Monday, October 20, 2008

Sachin stands at the pinnacle of cricket

By: Subhadeep Bhattacharjee

Sachin Ramesh Tendulkar the name needs no introduction, the man who has given India many reasons to smile. There was a time during the economic depression in 90s that a teenager was smashing the Aussie attack all across the park and giving millions of demoralised Indians a reason to cheer about. It is highly ironical that the day he broke the world record for the maximum number of Test runs the stock markets came crashing down.

From being the most adorable teenagers in the country to becoming the greatest ambassador of the game Tendilya as he is fondly called by his mates has seen it all. Its not easy to survive in the international sports arena for two decades and certainly not when it comes to Indian cricket. A billion hopes and aspirations which end with his dismissal certainly puts him under a lot of pressure. But perhaps that is what separates a good sportsman from a legend.

Critics have always argued that Sachin has not been able to steer India to wins. True to a certain extent but time and again we have seen how India has won when he has played well.
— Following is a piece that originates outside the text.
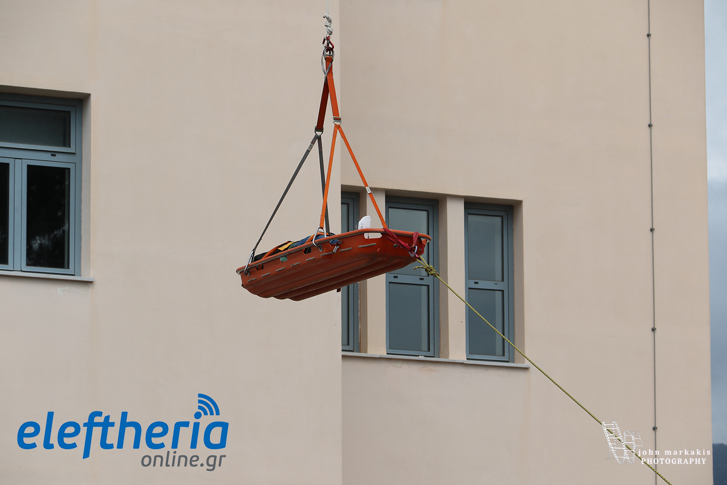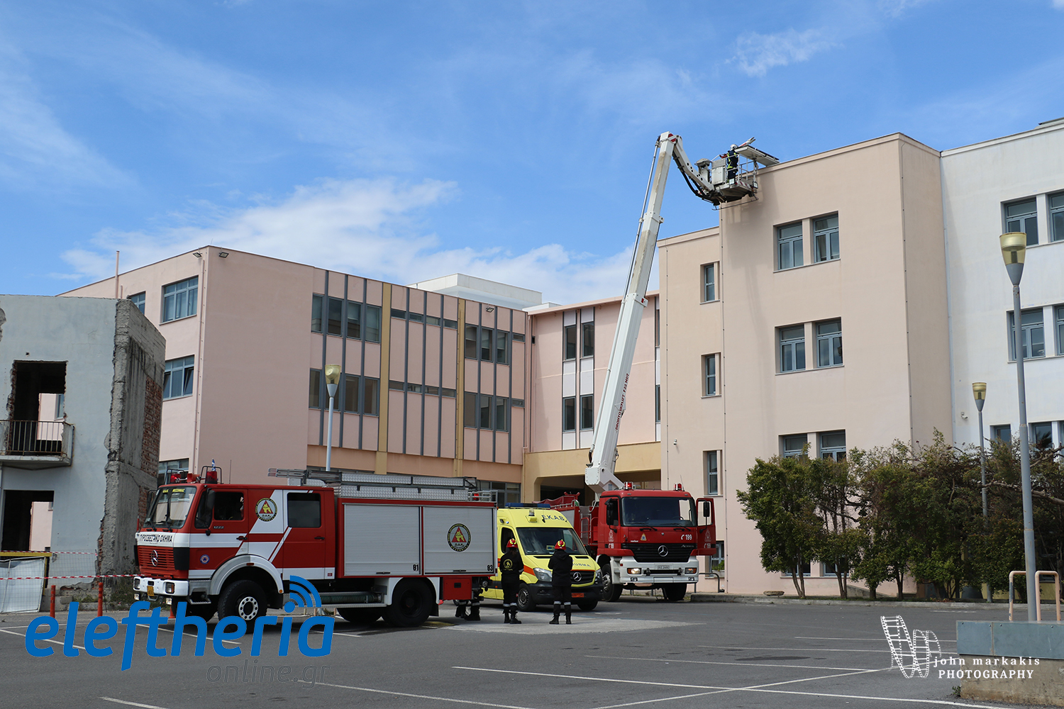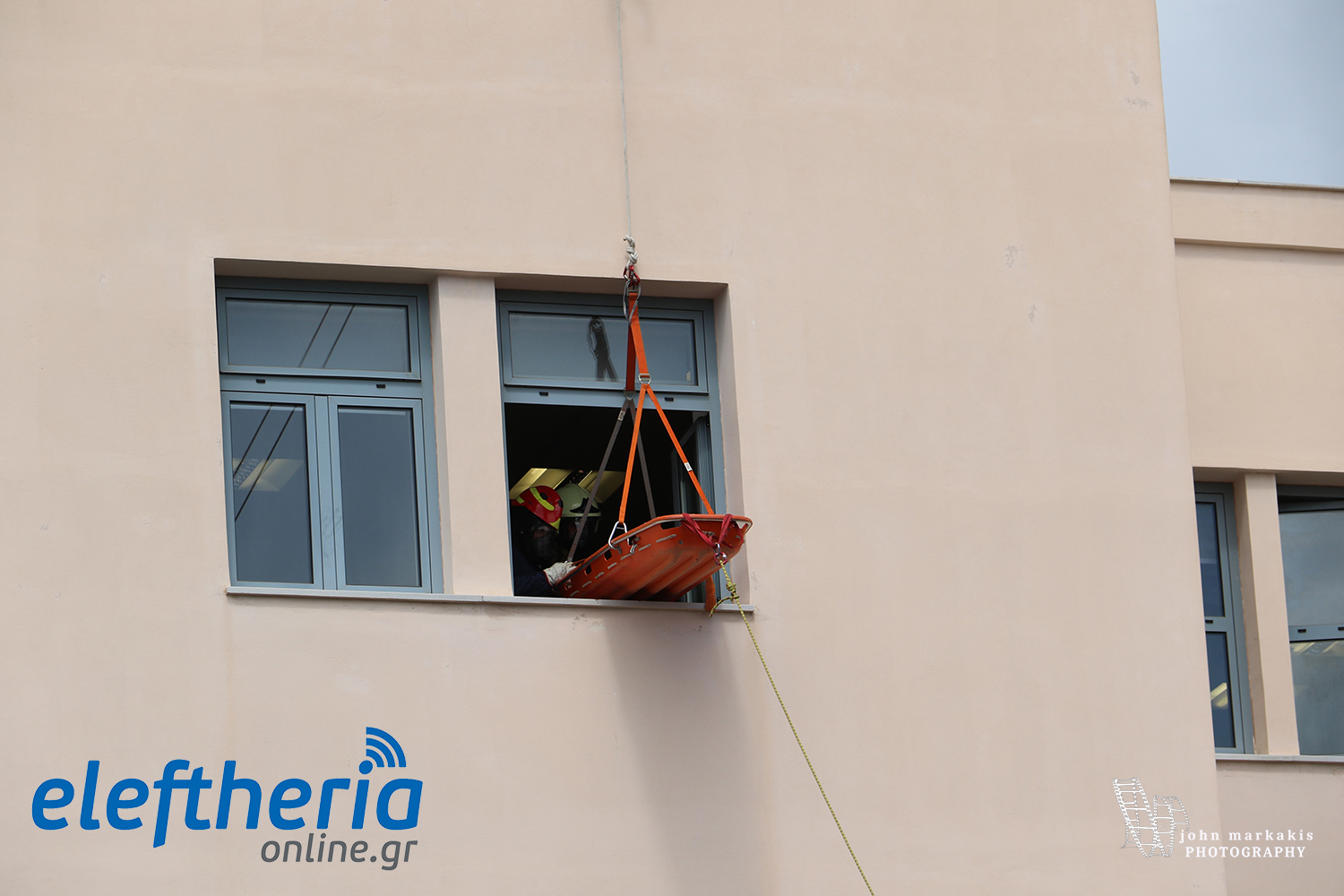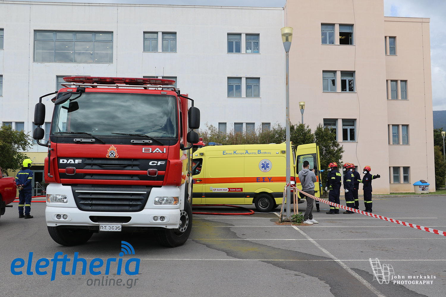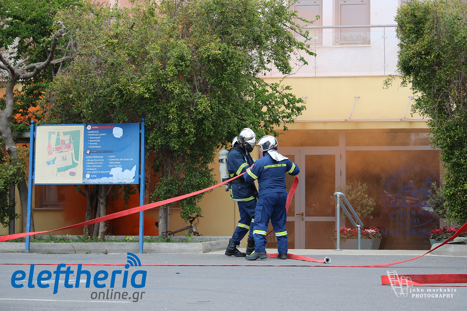 Κατά τη διάρκεια λειτουργίας του Δημαρχείου Καλαμάτας, εκδηλώνεται πυρκαγιά από βραχυκύκλωμα στην καμπίνα δομημένης καλωδίωσης (RACKS) στο ισόγειο. Από την πυρκαγιά υφίσταται μεγάλος κίνδυνος επέκτασης στον ευρύτερο ενιαίο χώρο του ισογείου και κατ’ επέκταση στο σύνολο του κτηρίου. Το σύστημα πυρανίχνευσης ενεργοποιείται, ο υπεύθυνος της ομάδας πυρασφάλειας του Δημαρχείου αντιλαμβάνεται το συμβάν πυρκαγιάς και ειδοποιεί την Π.Υ. Καλαμάτας. Η ομάδα πυρασφάλειας προσπαθεί να κατασβήσει την πυρκαγιά με τα φορητά μέσα ενεργητικής πυροπροστασίας, κάτι το οποίο δεν κατέστη εφικτό. Η πυρκαγιά εξαπλώθηκε με γρήγορο ρυθμό λόγω των εύφλεκτων υλικών σε βιβλιοθήκη με έντυπο αρχείο στο ισόγειο. Κατά την άφιξη της Πυροσβεστικής εξόδου, η ομάδα καταστολής – επέμβασης, αναπτύσσοντας πυροσβεστικές εγκαταστάσεις ύδατος με σωλήνες διαμέτρου 45 χιλ., προσεγγίζει, κατασβήνει την πυρκαγιά και ταυτοχρόνως απεγκλωβίζει και απομακρύνει σε υπαίθριο ασφαλή χώρο, εγκλωβισμένους εργαζόμενους. Παράλληλα, απεγκλωβίζει και ένα (01) άτομο από τον ανελκυστήρα του κτηρίου λόγω της διακοπής του ρεύματος. Στην προσπάθεια κατάσβεσης της πυρκαγιάς τραυματίζεται ένα (01) μέλος από την ομάδα πυροπροστασίας του κτηρίου, φέροντας εγκαύματα στα χέρια και στα πόδια. Το άτομο, στην συνέχεια για να διαφύγει από την πυρκαγιά και τους πυκνούς καπνούς, καταλήγει στον 3 ο επίπεδο του κτηρίου, στην νοτιοανατολική πλευρά, πλησίον παραθύρου. Οι πρώτοι διασώστες καταφέρνουν να το προσεγγίσουν από το κλιμακοστάσιο μεταφέροντας και φορείο, καλούν ενίσχυση. Όμως, αναφέρουν ότι η διάσωση του από το κλιμακοστάσιο είναι πλέον αδύνατη λόγω πυκνών καπνών. Αποφασίζεται ότι η διάσωση θα πραγματοποιηθεί με χρήση φορείου τύπου καλαθίου και διασωστικών κάλων σε διάταξη κεκλιμένης τραβέρσας από την ταράτσα έως το έδαφος, προκειμένου να γίνει η κατάβαση του ατόμου στον νοτιοανατολικό αύλειο χώρο του Δημαρχείου. Οι διασώστες που βρίσκονται εξωτερικά του κτηρίου προσεγγίζουν από την νοτιοανατολική πλευρά, παραλαμβάνουν το τραυματισμένο άτομο που μεταφέρεται σε ασφαλή χώρο και του παρέχονται οι πρώτες βοήθειες έπειτα διακομίζεται με ασθενοφόρο στην Μονάδα Εκτάκτων Περιστατικών της Ν.Μ. Καλαμάτας, Γ.Ν. Μεσσηνίας. Ένα ακόμη άτομο από τους πολίτες τραυματίζεται, φέροντας εγκαύματα στα χέρια και κτυπώντας το γόνατο και τον αγκώνα του, ανεβαίνοντας την εσωτερική κλίμακα αποπροσανατολίζεται από τους καπνούς, καταφεύγει στο δυτικό μέρος του εξωτερικού εξώστη (ταράτσα), στα νότια. Κινδυνεύει από φλόγες και καπνό. Αναφέρεται ότι δεν μπορεί να προσεγγιστεί και χρειάζονται ενίσχυση. Το άτομο κινδυνεύει. Αποφασίζεται η διάσωση να πραγματοποιηθεί με την συνδρομή του βραχιονοφόρου ειδικού οχήματος, με βραχίονα μήκους 22 μέτρων. Οι διασώστες προσεγγίζουν το άτομο και παράλληλα πραγματοποιούν βολή ύδατος από τον σταθερό αυλό του καλαθίου, δημιουργώντας υδάτινη κουρτίνα για προστασία του κινδυνεύοντος ατόμου. Παραλαμβάνουν με την χρήση φορείου και ειδικής βάσης στον βραχίονα του οχήματος το κινδυνεύον άτομο. Εν συνεχεία κατεβάζουν το τραυματισμένο άτομο στο νότιο αύλειο χώρο του Δημαρχείου, μεταφέρεται σε ασφαλή χώρο, του παρέχονται οι πρώτες βοήθειες και διακομίζεται με ασθενοφόρο στην Μονάδα Εκτάκτων Περιστατικών της Ν.Μ. Καλαμάτας, Γ.Ν. Μεσσηνίας. Έπειτα πραγματοποιούν πάλι βολή ύδατος από τ

It goes to show his scores are not just a statistical boost to the team but a psychological too. The aura that surrounds him in the dressing room is too hard to replace. His greatest critics have accepted that Sachin has evolved as a cricketer over the years which has helped him survive this long in both versions of the game.

The Master Blaster has been a institution in himself when it comes to the game. True nobody is bigger than the game but certain individuals take the game to greater heights and Sachin has been one of them. For most part of the 90s he carried the burden of Indian batting order and the Indian team was considered 'Sachin and ten others'. Its only in the later stages of his career he had the liberty of playing freely after Sourav Ganguly and Rahul Dravid joined the ranks.

Some of his best performance has come against the world champions Australia which goes to show he is at his best against the champions. Be it scoring a resilient 248 against the Australians in Sydney or single-handedly taking Indians to the jaws of victory in the Chennai Test against Pakistan Sachin has done it time and again. Who can forget the back to back centuries in Shahrjah or the 98 against Pakistan during the 2003 World Cup.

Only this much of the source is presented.